Looking backward over my life, it has been a queer mixture. I have lived through a period of transition and therefore know what it is like at both ends, even though the transition is not yet completed. I have been subjected to all the usual disabilities – refusal of accommodations, denial of jobs for which I had been recommended, generalised discourtesy, and the rest of it. All the same, some doors that were supposed to be closed, opened as I approached them. I have got used to being the first black to do this or that, which gets to be more difficult as the transition opens up new opportunities. Having to be a role model is a bit of a strain, but I try to remember that others are coming after me, and that whether the door will be shut in their faces as they approach will depend to some small extent on how I conduct myself.20

Indeed, Lewis represents the bridge between the imperial and the post-imperial attitudes towards intellectual immigration.
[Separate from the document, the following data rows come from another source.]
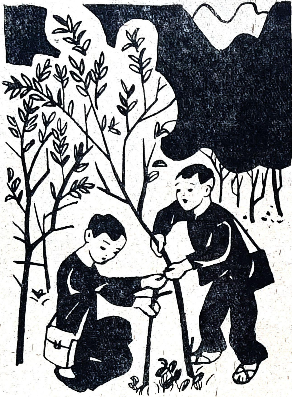
Lâm và Tỏa đã tìm que chống cho cây đứng thẳng.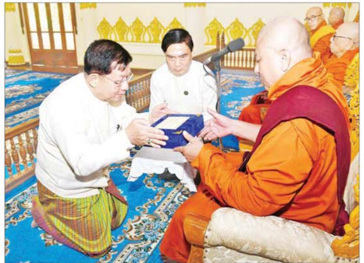
နိုင်ငံတော်စီမံအုပ်ချုပ်ရေးကောင်စီဥက္ကဋ္ဌ နိုင်ငံတော်ဝန်ကြီးချုပ် ဗိုလ်ချုပ်မှူးကြီးမင်းအောင်လှိုင် နိုင်ငံတော်သံဃမဟာနာယကအဖွဲ့ဥက္ကဋ္ဌ သန့်လျှင်မင်းကျောင်းဆရာတော် ဒေါက်တာ ဘဒ္ဒန္တစန္ဒိမာဘိဝံသနှင့် နိုင်ငံတော် သံဃမဟာနာယကအဖွဲ့ အကျိုးတော်ဆောင်ဆရာတော် ဒေါက်တာ ဘဒ္ဒန္တစန္ဒိမာဘိဝံသ ထံ နိုင်ငံတော်အဆင့် အဆောင်အယောင်မော်တော်ယာဉ် ဆက်ကပ်အပ်နှံစဉ်။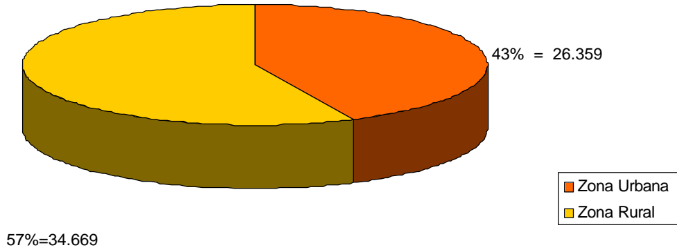
Figura No. 2 Población Total del Municipio de Garzón

Se registran en el municipio de Garzón 11970 familias y 11236 viviendas.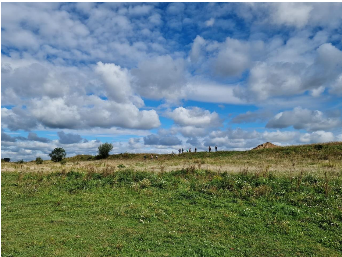
Figuur 10: (Re)wilde horizon in Meers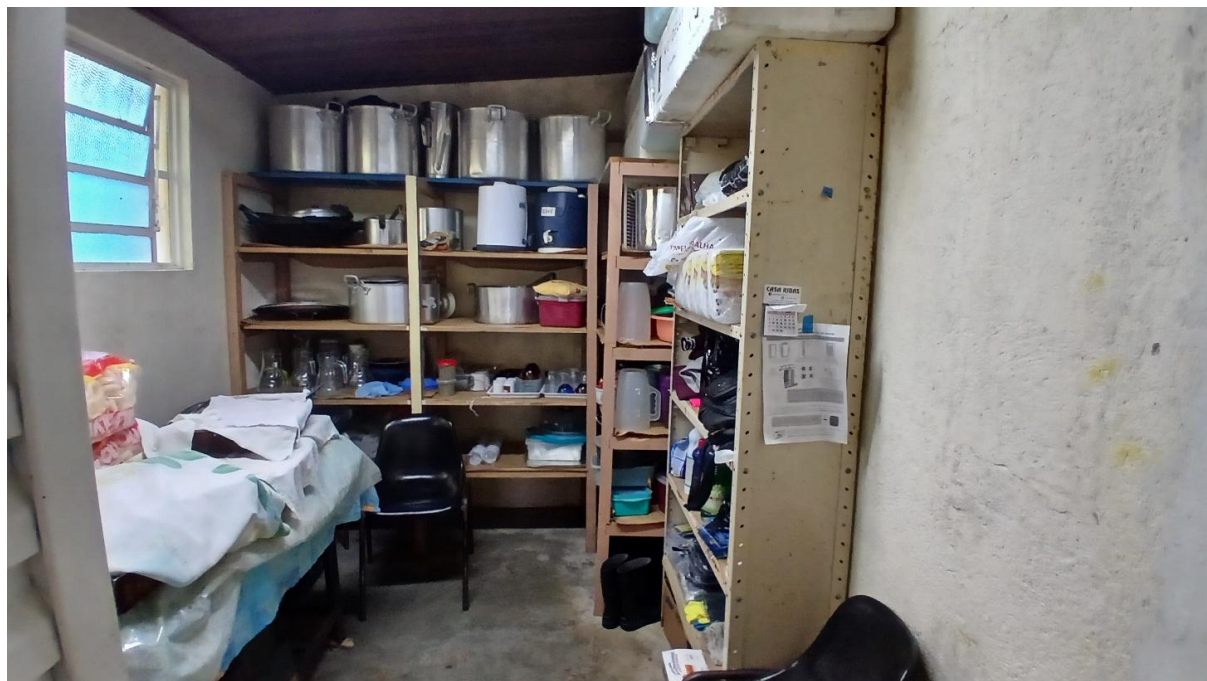
Imagem 10: Despensa 02 a ser reformada (Vista 01)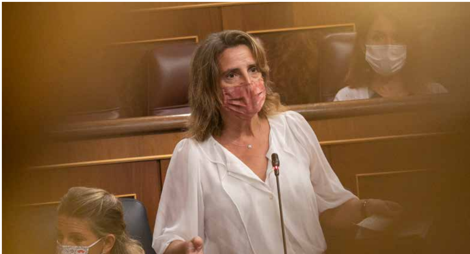
La ministra Teresa Ribera se ve incapaz de controlar las subidas de electricidad.

Salam found himself in a less hostile environment than his illustrious predecessor. Yet, it was far from easy for a Pakistani to build his own career abroad in a country that proudly saw her imperial past like those expressed by Lord Adrian in 1955 at the Imperial College’s Commemoration Day (see epigraph of this paper).

The kind of links that intellectual immigrants like Salam and Lewis developed with their own countries are another sign that times had changed. While during imperial rule their careers would have probably have developed without much contact with the colonial government, after independence they became important actors of their new states. They became perfect examples of transnational actors: cultural amphibians who hold positions of power and/or influence in more than one national scenario. Their academic prestige in Europe and the US, as well as their affiliation to elite institutions in industrialised countries played a crucial role.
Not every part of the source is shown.